Melbourne disinterested in renovations

Cate Bakos from Cate Bakos Property noted that Melbourne is seeing a two-speed market, with quality properties flying off the shelf, the opposite, ‘languishing’.

“February’s overall capital growth movement of -0.4 per cent certainly signals a slowing of price falls, easily attributable to low listing numbers,” said Bakos.

“Buyers remain disinterested in renovation and/or development projects and today’s buyers are applying high scrutiny to each listing in the quest to buy well, however, it’s becoming abundantly clear to these buyers that a low level of listings in the renovated house segment is underpinning the market firmly and contributing to price increases.

New South Wales a mixed bag of results

That’s the observation of Property Buyer’s Rich Harvey, who noted that despite borrowing capacity reducing by 30%, “… the property market has only receded around 12% to 15% in most places.”

The price drops have also slowed, Harvey noting that the market has likely reached a point of inflection – some believe its the bottom of the market, others, close to it.

A resurgence in buyer numbers at open house inspections comprises a mix of individuals:

“A number of different buyer groups make up this enthusiastic pool – being first home buyers looking to take advantage of all new stamp duty concessions, upgraders seeking to find better quality housing, particularly in the $2 million to $3 million range, downsizers looking to capitalise on their capital gains from the COVID period, prestige buyers being opportunistic and looking to park their cash into luxury beachfront and waterfront properties, and finally expats returning and taking advantage of better currency conversion.”

Demand across the board in Queensland

It seems there’s something for everyone in the Sunshine State, EKR Property’s Edward Reavy noted Brisbane’s affordability and lifestyle was a key driver for the large volumes of migration into the city.

“With recent interest rate hikes, the borrowing capacity of the average buyer has reduced considerably, and the price bracket they could previously afford to buy into is no longer attainable,” said Reavy.

“However, comparably in Queensland, they can buy a far superior home in a prominent location within their borrowing budget. This demand is growing momentum which will help fuel home prices and drive the rental market in the Sunshine State.”

He added that the regions may also see an influx of people.

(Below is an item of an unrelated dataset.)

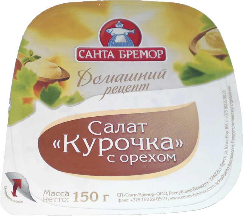 Страна производства:Беларусь Торговая марка:Санта Бремор Масса / Объем:0.15 кг Пищевая ценность на 100 г Белки 2.5 г Жиры 28 г Углеводы 6.5 г Энергетическая ценность 290 ккал/ 1210 кДж Описание Состав соус майонезный (вода, масло растительное, сахар, яичный желток, загустители: кукурузный крахмал, ксантановая камедь; соль йодированная, регуляторы кислотности: уксусная, молочная кислоты), колбаса вареная (мясо птицы, говядина, свинина, молоко сухое обезжиренное, усилитель вкуса и аромата глутамат натрия, специи, экстракты специй, антиокислитель аскорбиновая кислота, лактоза, ароматизаторы, краситель кармин, фиксатор окраски Е250), морковь, огурец консервированный, яблоки, орех грецкий, соус "Ворчестер", ароматизатор, консерванты: бензоат натрия, сорбат калия.

“Some South-East Queenslanders that are retiring or seeking a slower pace of life as the masses move to this region are selling up and moving further north to more affordable and quieter regions.

“Towns such as Hervey Bay, Bundaberg, Rockhampton, Mackay, Townsville, and Cairns are benefiting from infrastructure spending and employment opportunities, attracting people and putting pressure on the local housing and rental markets in those regions.”